Records for the task:
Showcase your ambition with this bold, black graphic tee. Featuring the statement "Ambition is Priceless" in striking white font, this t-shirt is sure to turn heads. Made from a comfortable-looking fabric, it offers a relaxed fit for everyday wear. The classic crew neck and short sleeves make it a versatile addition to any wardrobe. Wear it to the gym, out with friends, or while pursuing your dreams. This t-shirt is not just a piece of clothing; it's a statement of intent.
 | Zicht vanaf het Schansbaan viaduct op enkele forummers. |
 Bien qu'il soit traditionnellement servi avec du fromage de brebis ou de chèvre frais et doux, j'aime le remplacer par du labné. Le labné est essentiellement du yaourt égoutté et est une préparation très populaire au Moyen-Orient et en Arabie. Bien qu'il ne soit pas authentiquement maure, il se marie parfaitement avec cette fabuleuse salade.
---
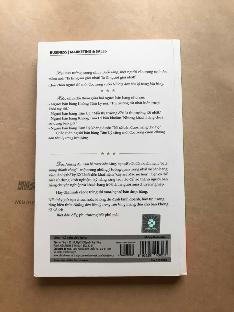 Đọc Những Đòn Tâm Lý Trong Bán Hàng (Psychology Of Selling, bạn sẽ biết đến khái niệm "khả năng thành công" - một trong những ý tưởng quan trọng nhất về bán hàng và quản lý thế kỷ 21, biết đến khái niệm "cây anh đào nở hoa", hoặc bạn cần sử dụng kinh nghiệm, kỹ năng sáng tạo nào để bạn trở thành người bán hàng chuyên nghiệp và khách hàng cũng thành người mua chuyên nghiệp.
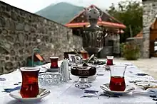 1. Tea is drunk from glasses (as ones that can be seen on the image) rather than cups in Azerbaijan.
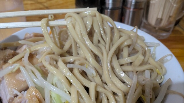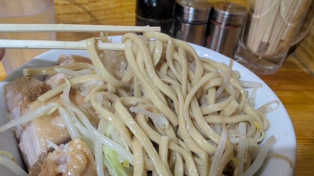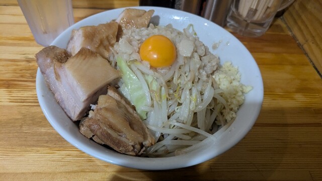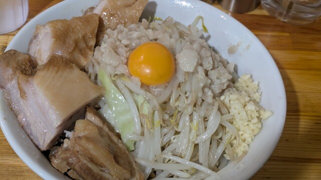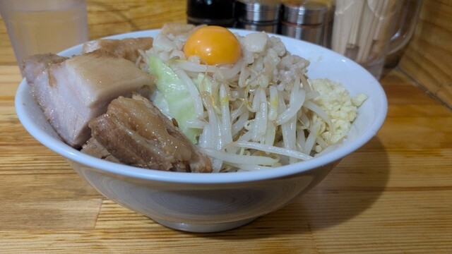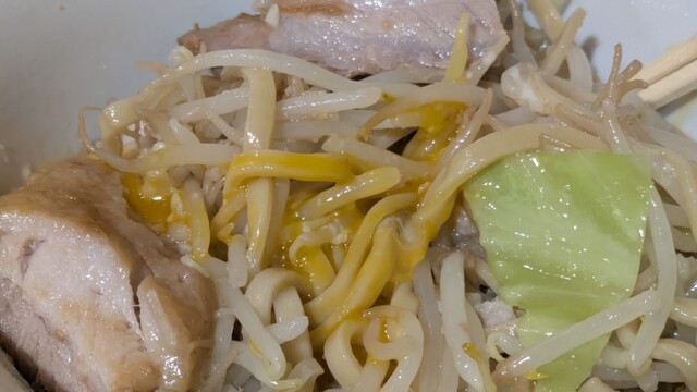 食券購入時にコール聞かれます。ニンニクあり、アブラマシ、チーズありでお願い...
...
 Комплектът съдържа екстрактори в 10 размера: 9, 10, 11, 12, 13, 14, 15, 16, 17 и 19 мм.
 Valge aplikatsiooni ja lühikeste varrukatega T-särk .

Problem:
Look above for the line with "Showcase your ambition" and the line with "Bien qu'il soit", and reproduce exactly those two lines plus every line between, nothing more.

Answer to the problem:
Showcase your ambition with this bold, black graphic tee. Featuring the statement "Ambition is Priceless" in striking white font, this t-shirt is sure to turn heads. Made from a comfortable-looking fabric, it offers a relaxed fit for everyday wear. The classic crew neck and short sleeves make it a versatile addition to any wardrobe. Wear it to the gym, out with friends, or while pursuing your dreams. This t-shirt is not just a piece of clothing; it's a statement of intent.
 | Zicht vanaf het Schansbaan viaduct op enkele forummers. |
 Bien qu'il soit traditionnellement servi avec du fromage de brebis ou de chèvre frais et doux, j'aime le remplacer par du labné. Le labné est essentiellement du yaourt égoutté et est une préparation très populaire au Moyen-Orient et en Arabie. Bien qu'il ne soit pas authentiquement maure, il se marie parfaitement avec cette fabuleuse salade.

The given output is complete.